Unexpectedly, the mRNA expression of IL-6 by RR-LM1071 was found to be significantly reduced compared to LGG. However, both TNF-α and IL-4 production did not show any statistical differences compared to LGG. IL-6 is a pleiotropic cytokine that leads to the development of IBD by means of its soluble IL-6 receptor (sIL-6R).

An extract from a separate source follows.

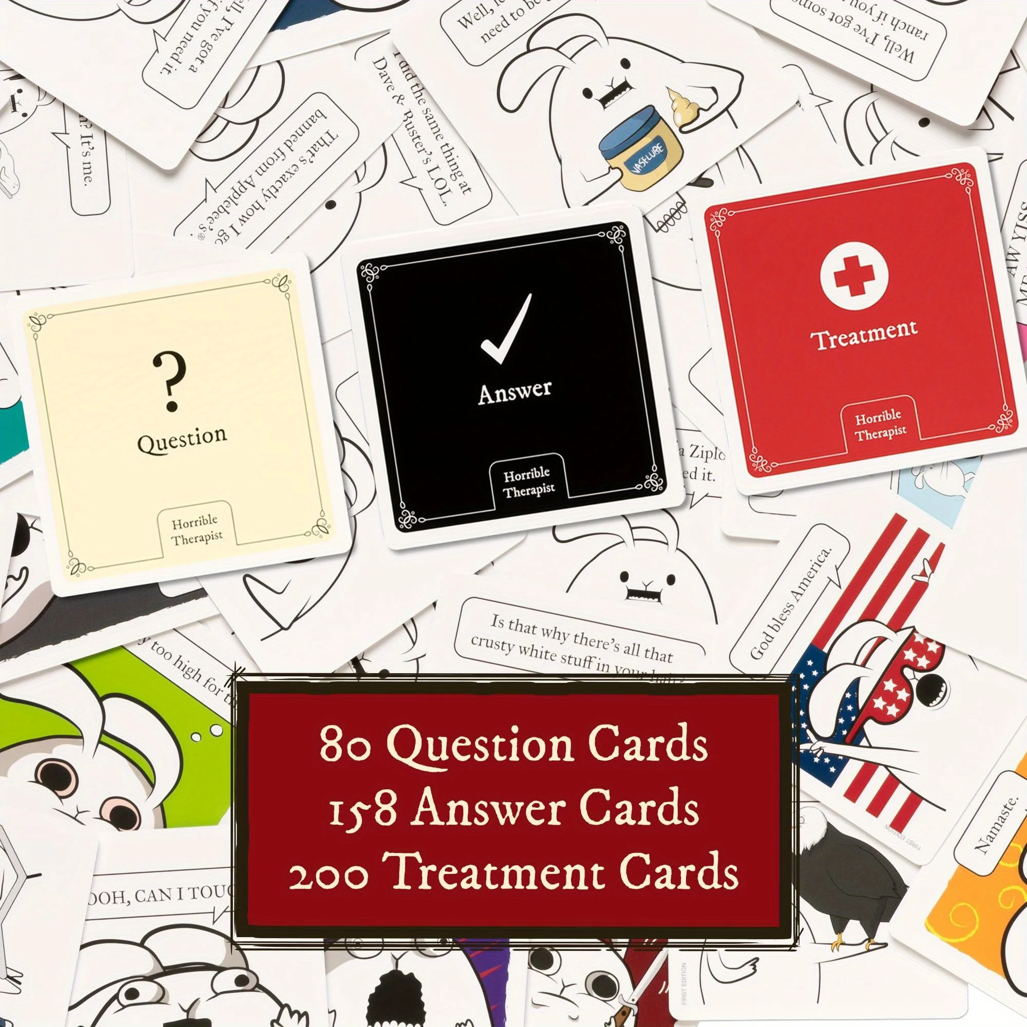 438 cards (80 question cards, 158 answer cards, 200 treatment cards)
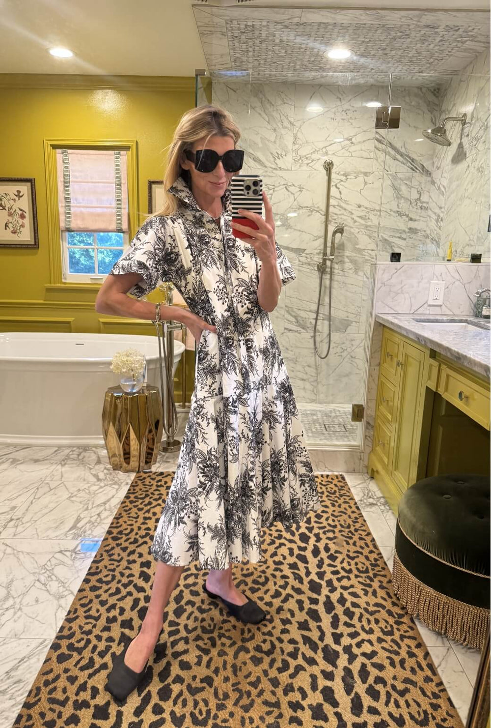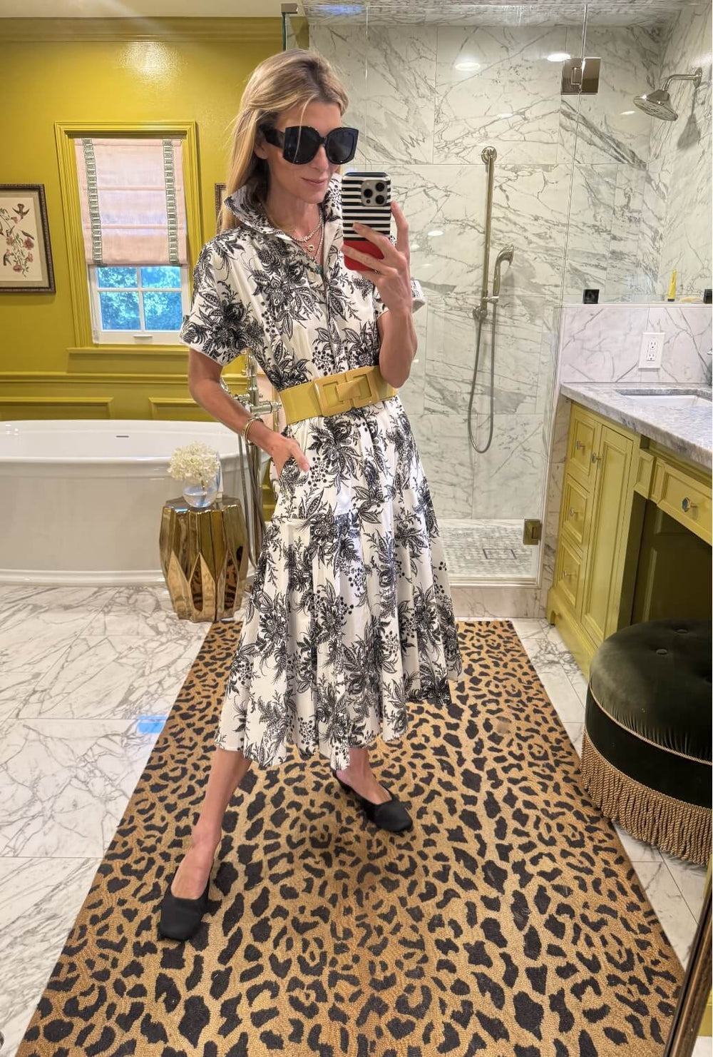 Prefer a cinched waist? Simply add your favorite belt to this black and white beauty.

IL-6 and sIL-6R levels are known to be correlated with the pathogenesis of UC and DC [41–43]. Therefore, our findings suggest that RR-LM1071 could be a better choice than LGG for preventing IBD.
Although the findings presented in this study point to the involvement of MAP kinase activation, which is responsible for the activation of inflammatory genes, future studies will need to confirm whether RR-LM1071 specifically regulates the pathway in HT-29 cells, as well as evaluate whether other pathways, such as the NF-κB pathway mediated by IL-1β, are involved.
CONCLUSION
In this study, the safety of RR-LM 1071 isolated from human breast milk was demonstrated by evaluating its hemolytic activity, biogenic amine production, and antibiotic resistance. In addition, RR-LM1071 was found to have more affinity for HT-29 cells compared to LGG in adhesive tests. Under inflammatory conditions induced by IL-1β in HT-29 cells, RR-LM1071 suppressed the expression of inflammatory cytokines, namely IL-6, TNF-α, and IL-4, via the MAP kinase pathway. Collectively, our results demonstrate that RR-LM1071 would be an effective and safe probiotic in humans, thus making the case for its use in the development of health supplements and therapeutic treatments for IBD.